Hopefully, it will not take an economic meltdown for policymakers to realize that Pakistan is committing economic hara-kiri through its heavy reliance on external assistance while leaving potential tax revenues untapped.  The country’s tax-to-GDP ratio of nine percent is one of the lowest in the world. Normally, low-income countries have tax-to-GDP ratios of fifteen percent to eighteen percent. Middle-income countries have tax-to-GDP ratio ranging between twenty-two percent to twenty-five percent, and tax-to-GDP ratio in high income countries is around forty percent.  Clearly, the Pakistan tax-to-GDP ratio needs to increase to augment revenues that are required to finance the country’s chronic budgetary imbalances.  This does not necessarily mean levying higher or punitive taxes, which can stifle growth but through fighting tax evasion and making tax collection more efficient.

Pakistan’s rich have historically paid little of their share in taxes.  It has been estimated that the landowning classes in Pakistan have been evading taxes to the tune of over $1.2 billion a year.  While the number of national lawmakers from feudal families represented in the country’s feudal democracy appears to be shrinking primarily due to increased urbanization, their financial clout seems undiminished.  The average worth of Pakistani members of Parliament is $900,000, with its richest member topping $37 million, according to a recent study by the Pakistan Institute of Legislative Development and Transparency in Islamabad.

There are periodic reports in the media, which give an impression that certain politicians, their wives and dependent children have amassed huge assets which require due scrutiny by tax authorities, who alone have the expertise to clarify the impression in the public interest.  These reports suggest that the assets amassed by politicians, their wives and dependent children were either not subjected to scrutiny by various tax jurisdictions or are highly understated.  There is a need for a correct valuation of the amassed assets of the politicians, their wives and dependent children, as in its absence, the tax burden on existing tax payers is unfairly increased. Since the politicians are rich themselves, and happily evading taxes, there is little will to change the system.  The Pakistani taxation system has been described; “As a system of the elite, by the elite and for the elite. It is a skewed system in which the poor man subsidizes the rich man.”

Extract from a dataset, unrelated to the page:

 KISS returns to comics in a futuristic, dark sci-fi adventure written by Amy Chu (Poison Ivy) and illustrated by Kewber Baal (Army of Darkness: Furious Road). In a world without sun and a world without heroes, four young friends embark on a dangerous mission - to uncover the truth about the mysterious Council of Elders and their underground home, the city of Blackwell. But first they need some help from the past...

Clearly, exempting agriculture from taxation imposes a heavy burden on the rest of the economy as well as a significant loss of revenue for the budget.  As the tax exemptions given on agriculture income, agriculture sector has become a legal, and sometimes illegal, tax shelter for other forms of income. To avoid income taxes, transfers from the other sectors of the economy to agriculture are commonplace.  It would certainly be helpful, if external aid providers use their leverage with the Pakistani government, to insist that hitherto untaxed or under-taxed sectors be brought under the tax net.

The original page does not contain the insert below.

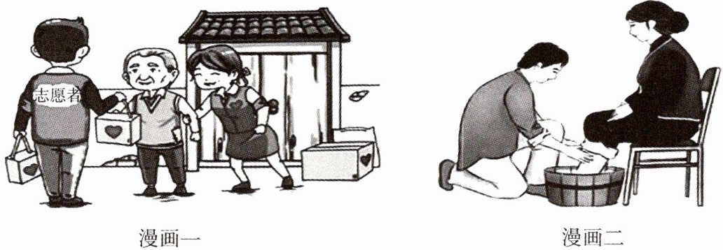 (1)漫画一:扶危济困。漫画二:孝老爱亲。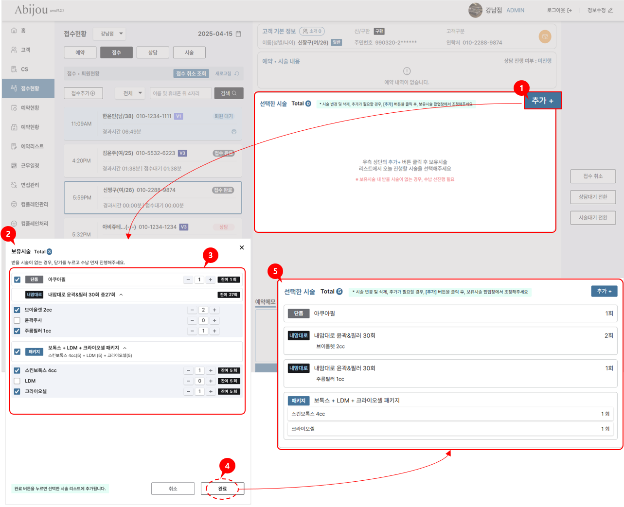 [완료] 버튼 클릭하여 선택한 시술 추가하기를 완료합니다.

Equitable taxation is particularly important in a country where the rich-poor disconnect has been increasing overall.  A 2010 study estimated that 32% of Pakistan’s population of 180 million subsists below the poverty line. According to the Human Development Index, 60.3% live on under $2 a day.  The low per capita income in Pakistan reflects unequal distribution of income and high unemployment  One consequence of the yawning rich-poor gap is that it is filled and exploited by extremists.

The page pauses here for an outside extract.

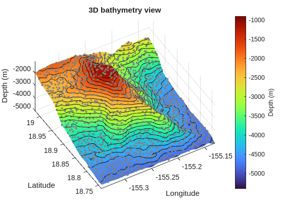 clc;clear;closeall;data=load('a01_etopo_loihi.mat');x=double(data.x);y=double(data.y);z=double(data.z);xLimits= [min(x),max(x)];yLimits= [min(y),max(y)];xGrid= {linspace(xLimits(1) -eps(xLimits(1)),xLimits(2) +eps(xLimits(2)),480),...linspace(yLimits(1) -eps(yLimits(1)),yLimits(2) +eps(yLimits(2)),481)};smoothness=0.000001;zGrid=regularizeNd([x,y],z,xGrid,smoothness,'cubic');% equivalents ways to call regularizeNd% zGrid = regularizeNd([x,y], z, xGrid, smoothness, 'cubic', 'normal');% Upsample grid since we are using cubic interpolationzFunction=griddedInterpolant(xGrid,zGrid);xGrid2= {linspace(xLimits(1) -eps(xLimits(1)),xLimits(2) +eps(xLimits(2)),2000),...linspace(yLimits(1) -eps(yLimits(1)),yLimits(2) +eps(yLimits(2)),2001)};xGrid2Expanded=cell(2,1);[xGrid2Expanded{:}] =ndgrid(xGrid2{:});zGrid2=zFunction(xGrid2Expanded{1},xGrid2Expanded{2});surf(xGrid2{:},zGrid2','EdgeColor','none','FaceColor','interp')holdon;contour3(xGrid2{:},zGrid2',22,'k','LineWidth',0.45)GRAY= [0.50.50.5];scatter3(x,y,z,10,GRAY,'filled')colormap(turbo(256))clim([-5400-900])view(329.7,61)xlabel('Longitude')ylabel('Latitude')zlabel('Depth (m)')gridonaxistighttitle('3D bathymetry view')ylabel(colorbar,'Depth (m)')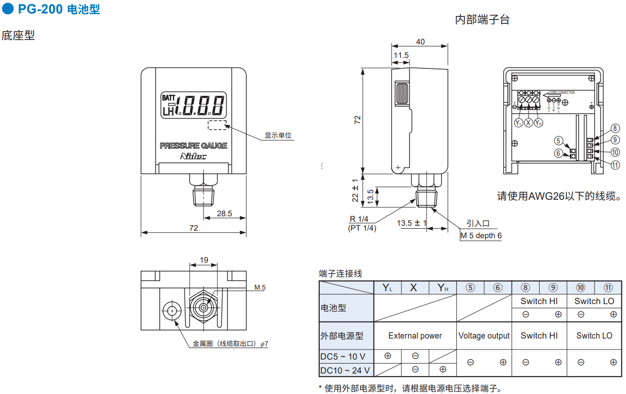 | PG-200-101G-3-P | 表压 | 0~9.81{0~1000 mmH2O} | mmH2O | 面板类型 | 外部电源 | |

An equitable national tax policy requires that everyone and every sector with a potential tax liability should be taxed. A tax must be perceived as fair and universal. Those have little should pay little, but they should pay something, anything that displays a commitment to the nation and its goals.  The politically and economically powerful elite must demonstrate its stake in society by carrying its share of the tax burden.